Raw data:
· · · ·
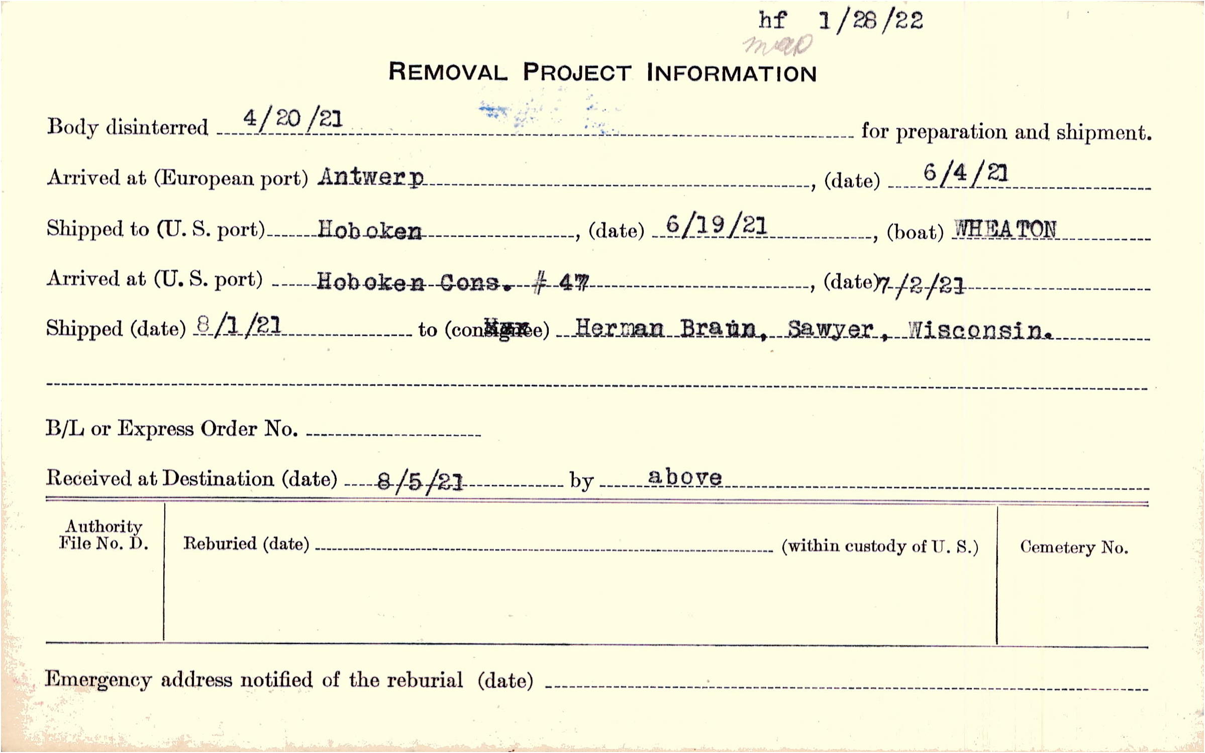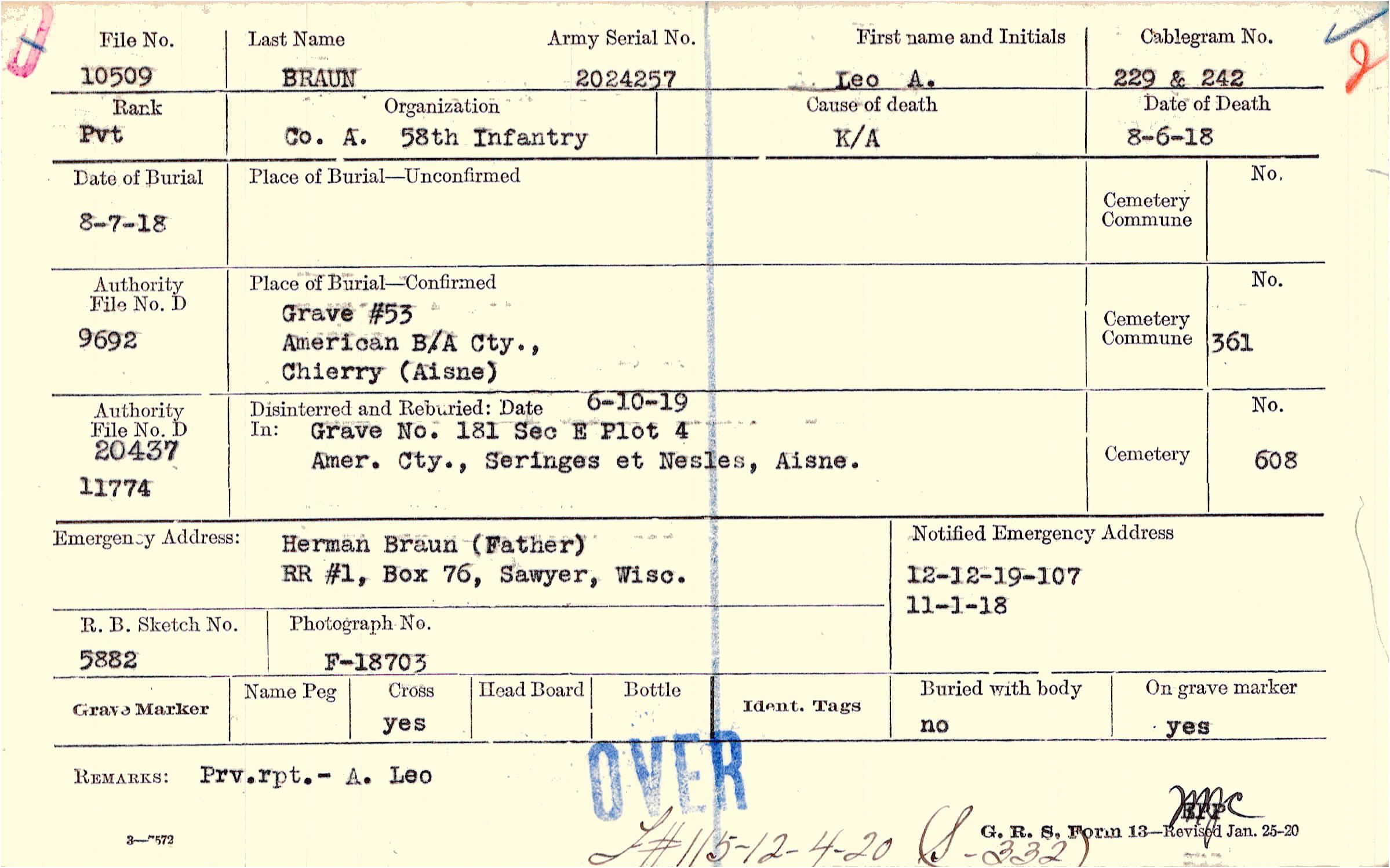 Herman Braun (Father), RR #1, Box 76, Sawyer, Wisc.
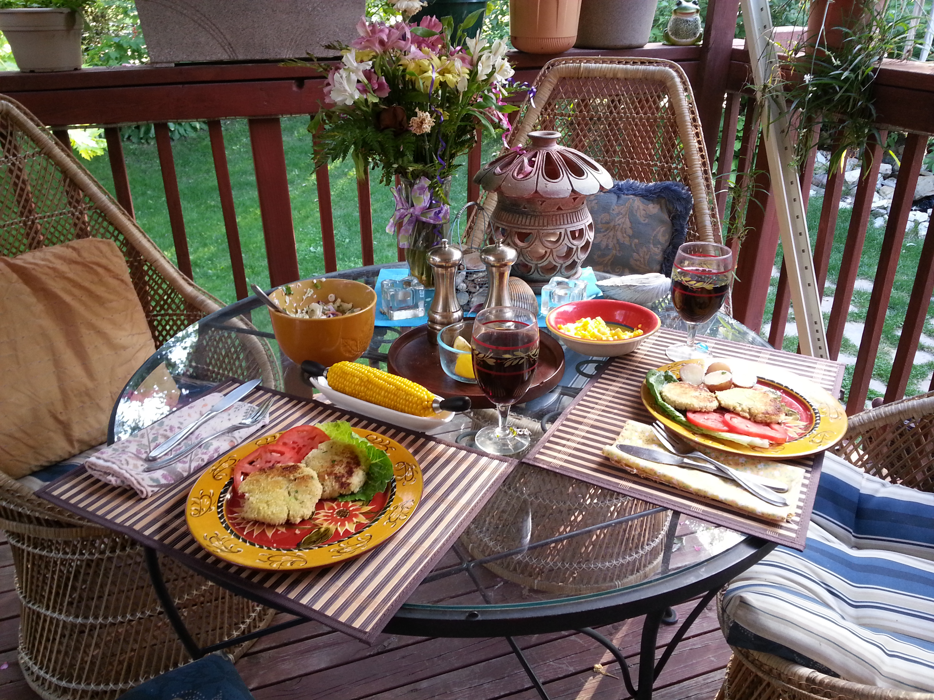 Tonight’s dinner is al fresco On the menu… Crab Cakes!
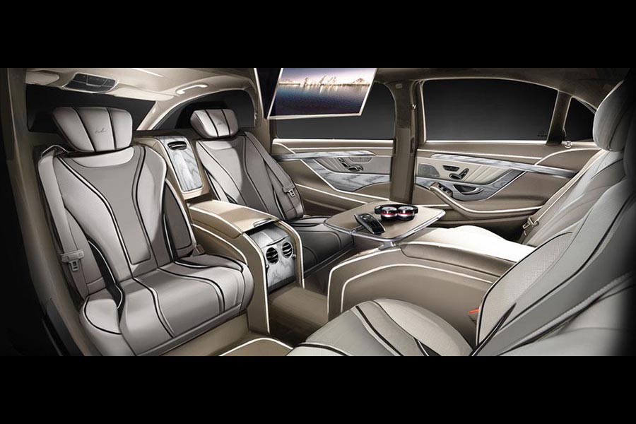 Εξωτερικά, εκτός από το μακρύτερο μεταξόνιο, η MercedesS-Class XXL διαθέτει νέα μάσκα και προφυλακτήρες, ζάντες 21 ιντσών, πιο παχιά πλευρικά παράθυρα 6 χλστ. και body kit από ανθρακόνημα. Μεγάλες αλλαγές υπάρχουν και στο εσωτερικό με τις αντικριστά τοποθετημένες θέσεις, τις οθόνες, τα ηλεκτρικά κουρτινάκια, τις επενδύσεις από δέρμα Nappa κλπ.
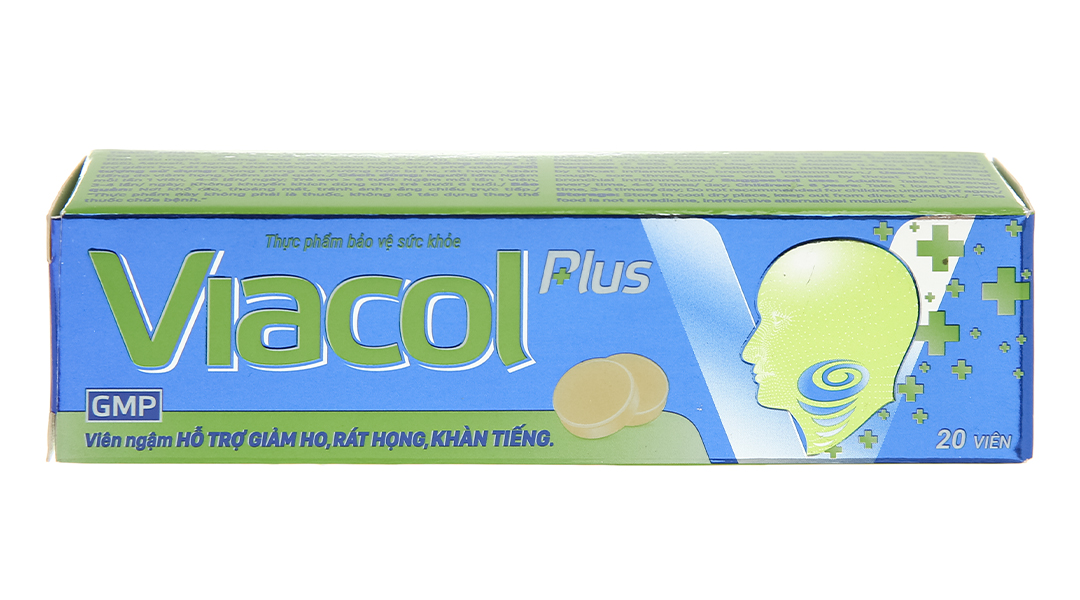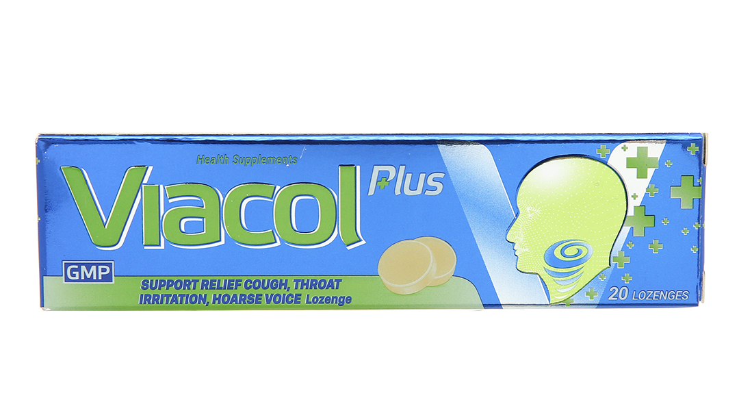 Viên ngậm không đường Viacol Plus với thành phần thảo mộc thiên nhiên, chứa các chiết xuất như bạc hà, cao cam thảo, tinh dầu húng chanh, tinh dầu gừng,… sẽ giúp bổ phổi ích phế làm ấm đường hô hấp, hỗ trợ thuyên giảm các triệu chứng ho hen, rát họng, khàn tiếng do viêm họng, viêm đường hô hấp gây nên.
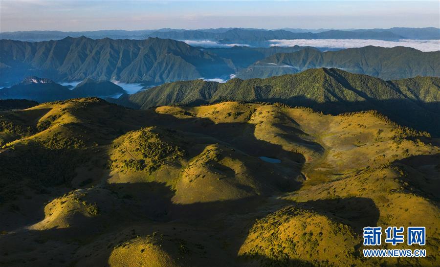 6月30日,朝霞照耀下的神田草甸(無人機(jī)照片)。位于陜西省安康市嵐皋縣與重慶市城口縣交界處大巴山神田主脊北坡的神田草甸,面積超過1.1萬畝。夏日的朝霞中,起伏的草甸仿佛一塊寬大無邊的綠色地毯,鑲嵌在大巴山上,如詩如畫。新華社記者陶明攝
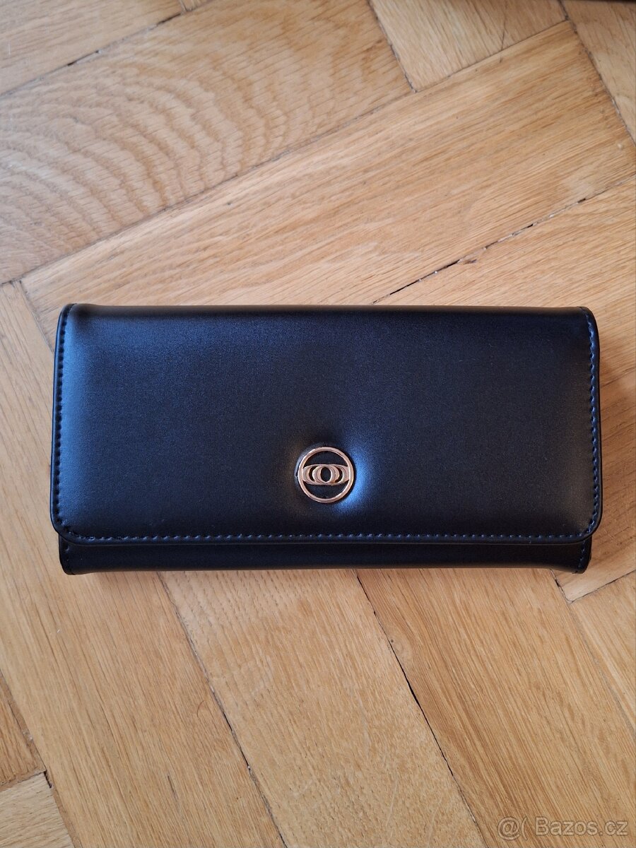 Černá koženková peněženka v dárkovém balení. Zakoupeno v Orsay. Nová 19,5 cm x 10 cm Uvnitř přihrádka na bankovky, na zip na drobné a přihrádky na kreditní karty.
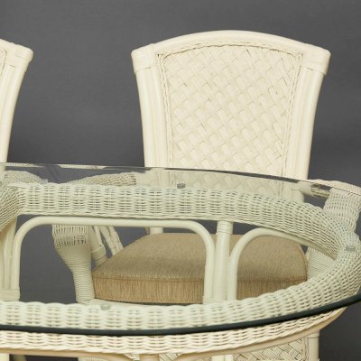 Элегантный обеденный комплект Secret De Maison ANDREA GRAND, состоящий из стола и шести кресел, выполнен вручную из натурального ротанга с использованием нескольких видов традиционного индонезийского плетения. Высокое качество и красота неповторимых плетеных узоров добавят благородства в ваш интерьер, подчеркнут вкус и статус своего владельца. Удобный стол, дополненный нижней полкой, со столешницей из закаленного стекла практичен и элегантен. Стекло обладает повышенной прочностью, долговечностью, способно многие годы не утрачивать своей первоначальной привлекательности. Удобные кресла с высокими подлокотниками и эргономичной спинкой обеспечат комфортную посадку для продолжительного отдыха. Тканевая обивка подушек проста в уходе, прослужит вам долгие годы, сохраняя свой первоначальный вид. Мебель покрыта прозрачным матовым лаком, устойчивым к УФ-излучению, она прочна, надежна, устойчива к повышенной влажности. Комплект идеально сочетается с мебелью из коллекции ANDREA, поставляется в собранном виде.
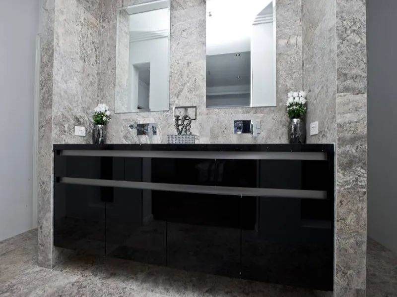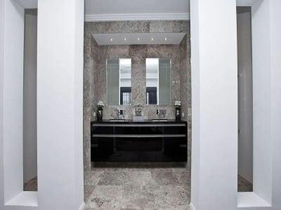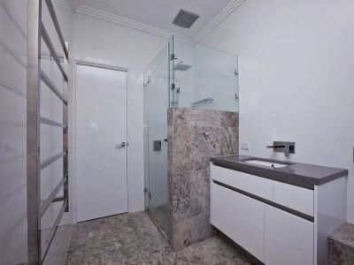 Ensuite with floor to ceiling stone tiling
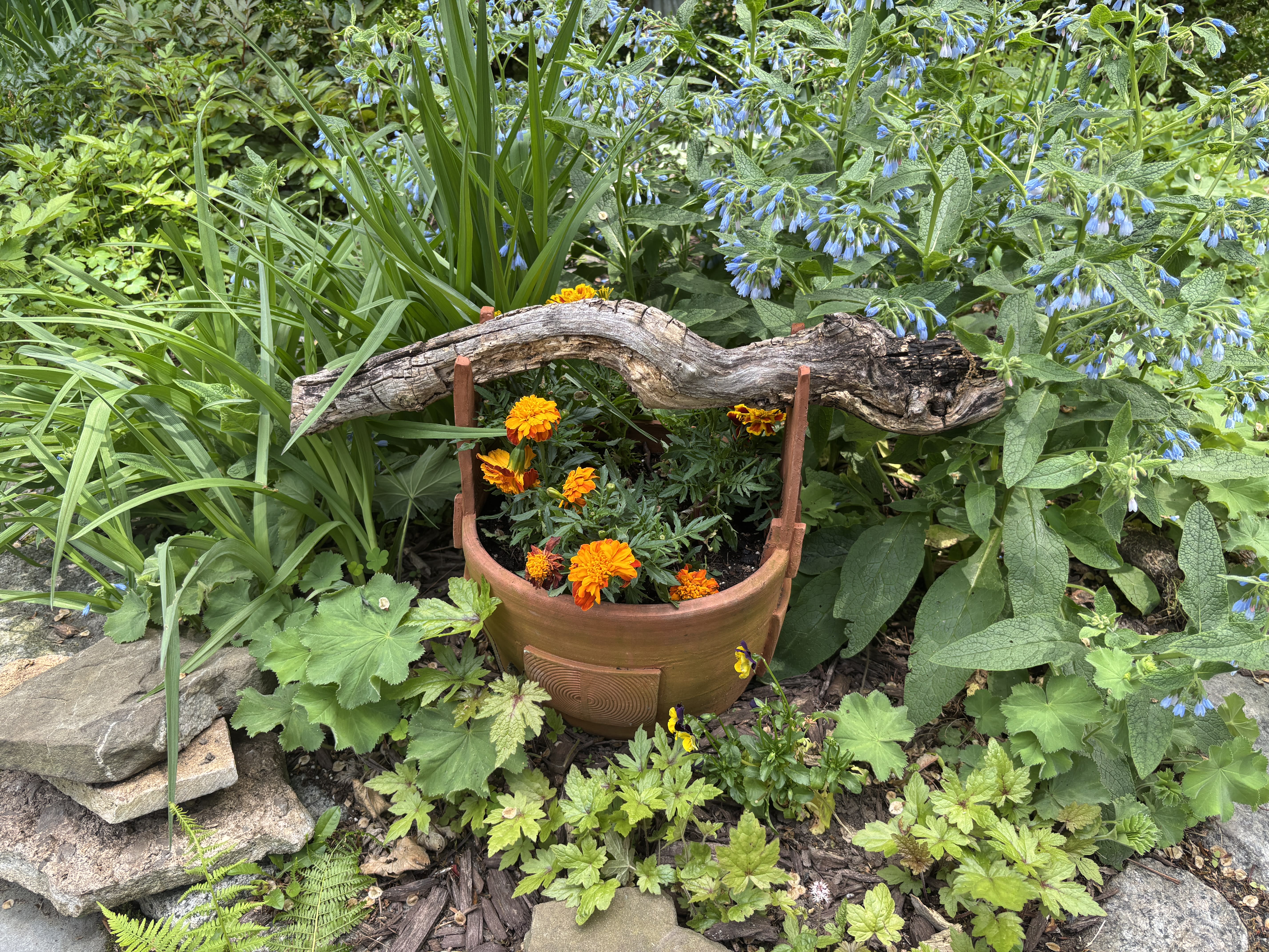 Then, around June 1, I made a stupid move in the garden, resulting in two herniated discs in my lumbar spine. As a consequence, I couldn’t reach up to water the hanging baskets, nor lift them down and put them back up again. So they sat on the porch floor, where I tried to keep up with their care. But it was too much. Some days, even stepping out onto the porch caused more pain than I could tolerate and took more mental energy than I had.
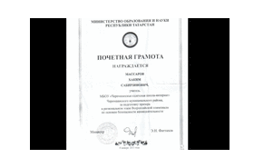 Министерство Образования и науки Республики Татарстан награждает Почетной грамотой Массарова Хакима Сабирзяновича, учителя по основам безопасности жизнедеятельности, за подготовку призера в региональном этапе Всероссийской олимпиады по основам безопасности жизнедеятельности.
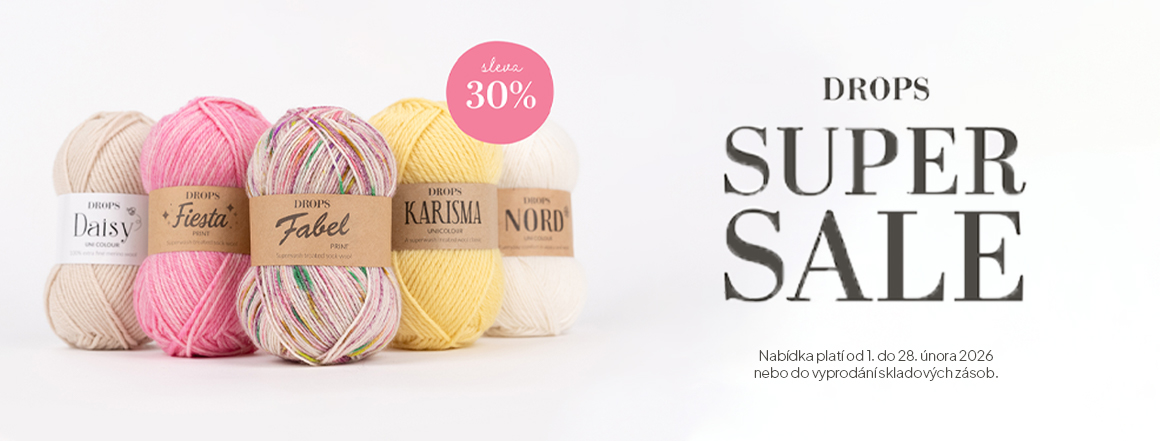AKCE na přízi DROPS Daisy, Fiesta, Fabel, KARISMA, NORD - sleva až -30%.
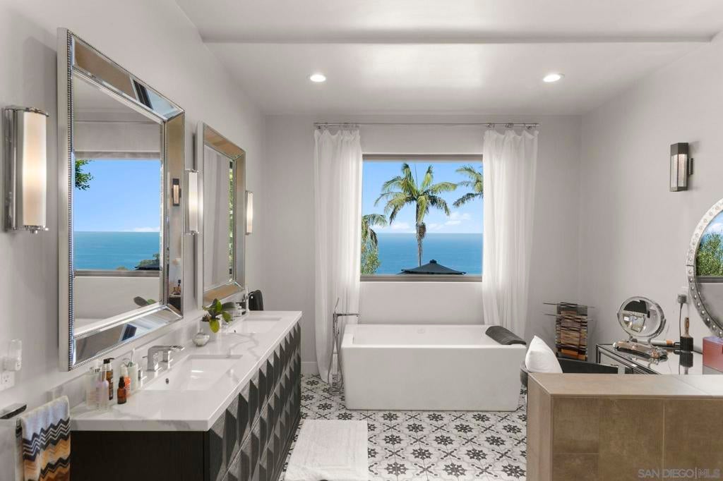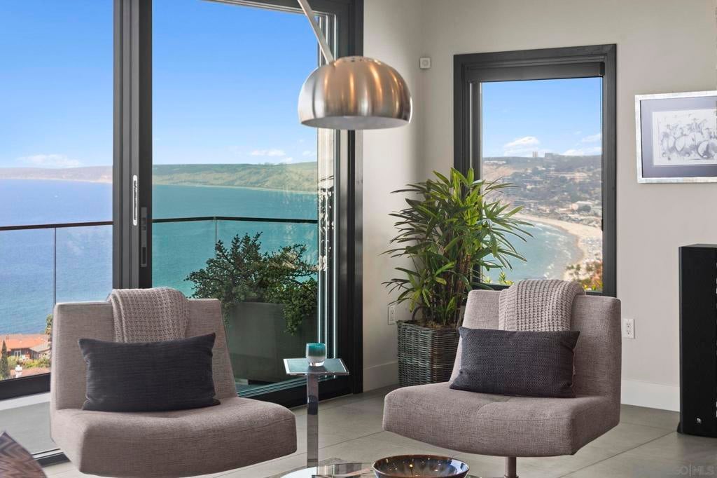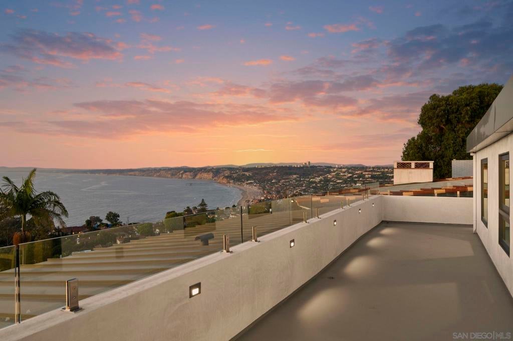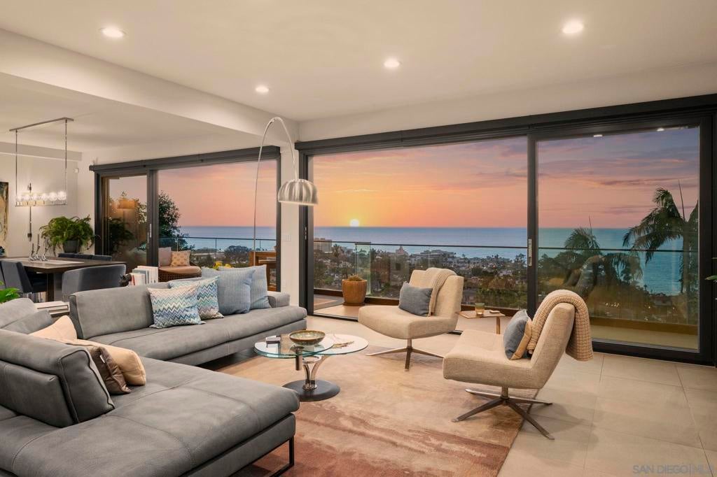 Stunning hilltop home offering expansive, unobstructed 180-degree ocean vistas—all the way from the Cove, past Black’s Beach, and to the North beyond. Perched in the coveted Country Club neighborhood, this exquisite home delivers sweeping sea views and nightly sunsets that redefine living well. Nestled among sculpted hills for ultimate privacy and serenity, the residence marries refined elegance with effortless, everyday comfort. Thoughtfully arranged over three levels with main-floor entry so it functions like a graceful two-story, the home is ideal for entertaining, relaxed family life, and taking full advantage of its dramatic setting. Just minutes from world-class dining and boutique shopping—and within walking distance of The Village, the La Jolla Natural Park trails to Mt. Soledad, and more—this is a rare opportunity to own a move-in-ready coastal retreat that invites you to savor every vista and moment. Act now to make this coastal sanctuary yours.
· · · ·
Instructions to follow: Using the data above, copy exactly the lines from the one containing "Then, around June" to the one containing "AKCE na přízi", inclusive. Exclude the pictures.

Expected answer:
 Then, around June 1, I made a stupid move in the garden, resulting in two herniated discs in my lumbar spine. As a consequence, I couldn’t reach up to water the hanging baskets, nor lift them down and put them back up again. So they sat on the porch floor, where I tried to keep up with their care. But it was too much. Some days, even stepping out onto the porch caused more pain than I could tolerate and took more mental energy than I had.
 Министерство Образования и науки Республики Татарстан награждает Почетной грамотой Массарова Хакима Сабирзяновича, учителя по основам безопасности жизнедеятельности, за подготовку призера в региональном этапе Всероссийской олимпиады по основам безопасности жизнедеятельности.
AKCE na přízi DROPS Daisy, Fiesta, Fabel, KARISMA, NORD - sleva až -30%.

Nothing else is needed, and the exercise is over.